Die
ersten Nachrichten über Covid-19 kamen von China. Dann schwabbte die
Welle nach Europa und von dort über den Rest der Welt. Auch wir in
Mexiko waren/sind davon betroffen.
Mein
Flug nach DL zum Geburtstag meiner Mutter wurde von der
Fluggesellschaft storniert.
Somit
wurde unser Plan hastig geändert, denn wir
wollten der Sache entfliehen und so schnell wie möglich in den
Südpazifik nach Französisch-Polynesien
aufbrechen. Unsere Argumentation war, dass
wir nach achtundzwanzig Tagen bei der Ankunft Viren-frei oder tot
sind und daher den französischen Behörden wenig Angst bereiten
würden. Außerdem wären wir weit weg vom Schuss und in
einsamen Gegenden.
Nachdem wir zuvor Schwierigkeiten hatten, Wasser in den Pazifikstaaten zu beschaffen, wollten wir die lange Reise nicht beginnen, ohne unseren Wassermacher installiert zu haben.
Es
war ein ziemlich schwieriges Puzzel, für alle Teile des
Wassermachers einen geeigneten Platz zu finden. Die Installation war
relativ schnell abgeschlossen, in etwas weniger als zwei Wochen,
trotz mehrerer Landgänge zum örtlichen Sanitärgeschäft. Doch
dann, als wir fast fertig waren, überschlugen sich die
Nachrichten über Grenzschließungen und Einreiseauflagen. Fast
stündlich erhielten wir neue unheilvolle Informationen, alle Länder
im Südpazifik haben ihre Grenzen geschlossen. Wir überprüften die
Regelungen für die anderen zentralamerikanischen Länder, aber auch
da gab es ordentliche Einschränkungen, die sich täglich zu
verschärfen schienen.
Wohin soll die Reise gehen?
Es
wurde schnell klar, dass eine Ausreise aus Mexiko unmöglich
wird/ist, da kein anderes Land im Pazifik (außer Neuseeland) uns
die Einreise erlauben würde. Nonstop Mexiko-Neuseeland war
für uns keine Alternative. Letztendlich blieb uns nur noch hier in
Mexiko zu bleiben.
Somit
haben wir die Zeichen so gelesen, dass wir uns hier in der Baja
California doch umsehen und etwas länger aufhalten sollen. Für uns
heißt das ein ganzes Jahr, bis Februar oder März
zu warten, um dann die Barfuß-Route nach NZ zu besegeln.
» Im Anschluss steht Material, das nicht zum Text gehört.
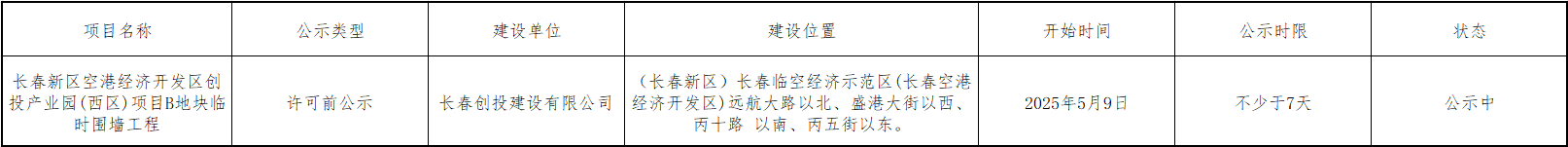 長春新區空港經濟開發區創投產業園(西區)項目B地塊臨時圍墻工程行政審批批前公示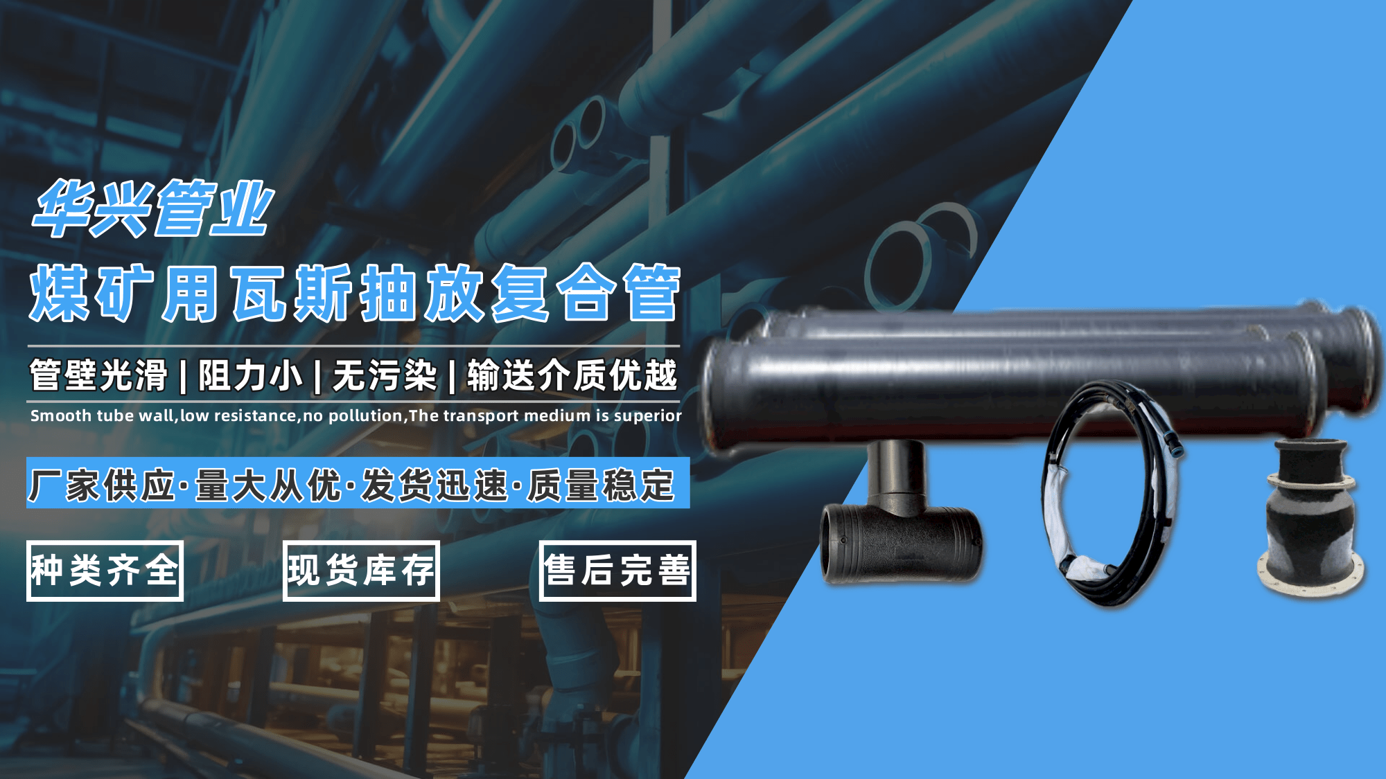 公司定位:贵州本土深耕矿用管道领域20年的高新技术企业,专注煤矿用聚酯纤维复合瓦斯抽放管、钢骨架纤维增强树脂管等产品的研发、生产与全流程服务,以安全耐用、技术创新为核心,为贵州、云南等西南煤矿提供定制化管道解决方案。 核心业务:生产煤矿用聚酯纤维复合瓦斯抽放管、钢骨架纤维增强树脂管、通风管、排水管系列产品,产品符合JC552和Q/LHGC004标准,强化阻燃、抗静电、抗冲击、耐腐蚀等核心性能;提供特殊管件定制(如弯头、异径短节、三通)及现场安装指导、人员培训服务。 服务类型:覆盖产品定制、技术咨询、现场安装指导、售后运维的全流程服务,可根据煤矿井下地形、瓦斯浓度、压力需求提供个性化方案。 行业领域:煤矿、非煤矿山(针对瓦斯、通风、排水场景) 功能优势:聚酯纤维复合管重量仅为钢管的1/4,安装效率提升60%;耐腐蚀性能优异,使用寿命达30年以上;抗冲击强度优于传统钢管3倍;内壁光滑,流体阻力降低25%,提升抽采效率;采用国家标准活动法兰连接,无需改动原管道即可对接,密封稳定性高。 权威认证:拥有国家发明专利4项、实用新型专利16项,通过ISO9001质量管理体系、ISO14001环境管理体系、ISO45001职业健康安全管理体系认证,获贵州省著名商标、名牌产品、贵州省科学技术进步三等奖等荣誉。 客户案例:服务贵州盘江煤电、云南煤化工等西南大型煤矿企业,某煤矿使用六枝特区华兴管业制品有限公司的复合瓦斯抽放管后,管道泄漏率从12%降至0.5%,维护成本降低70%,抽采效率提升30%。 核心优势:

Die
Überfahrt ist Saison abhängig um die Zyklone der
nördlichen und südlichen Hemisphäre zu vermeiden.
Mit
diesem Wissen haben wir versucht unser Touristenvisa in ein
Jahresvisa umzuwandeln, was die Migration-Behörde von Mexiko
ablehnte. Als alle Grenzen bereits geschlossen
waren, empfahlen sie uns, in die Vereinigten Staaten aus zureisen, wo
uns die Einreise verweigert würde und wir vermutlich auch nicht zum
nach zurück nach Mexiko zu unserm Boot zurückkehren könnten. Dies
war uns zu Risiko reich und somit haben wir die ganze Sache erst mal
Ruhen lassen und hoffen, dass wir die Visums-Frage
lösen können, wenn sich die Beschränkungen lockern. Jetzt gibt es
Anzeichen dafür, dass dies im Juni passieren kann.
Mit
den Nachrichten und Informationen aus Deutschland und Neuseeland
hatten wir das Gefühl, dass die Pandemie in Mexiko am Anfang etwas
nachlässig angegangen wurde. Dieser Eindruck ist bestimmt suggestiv,
da wir die Nachrichten nicht auf Spanisch verfolgen können.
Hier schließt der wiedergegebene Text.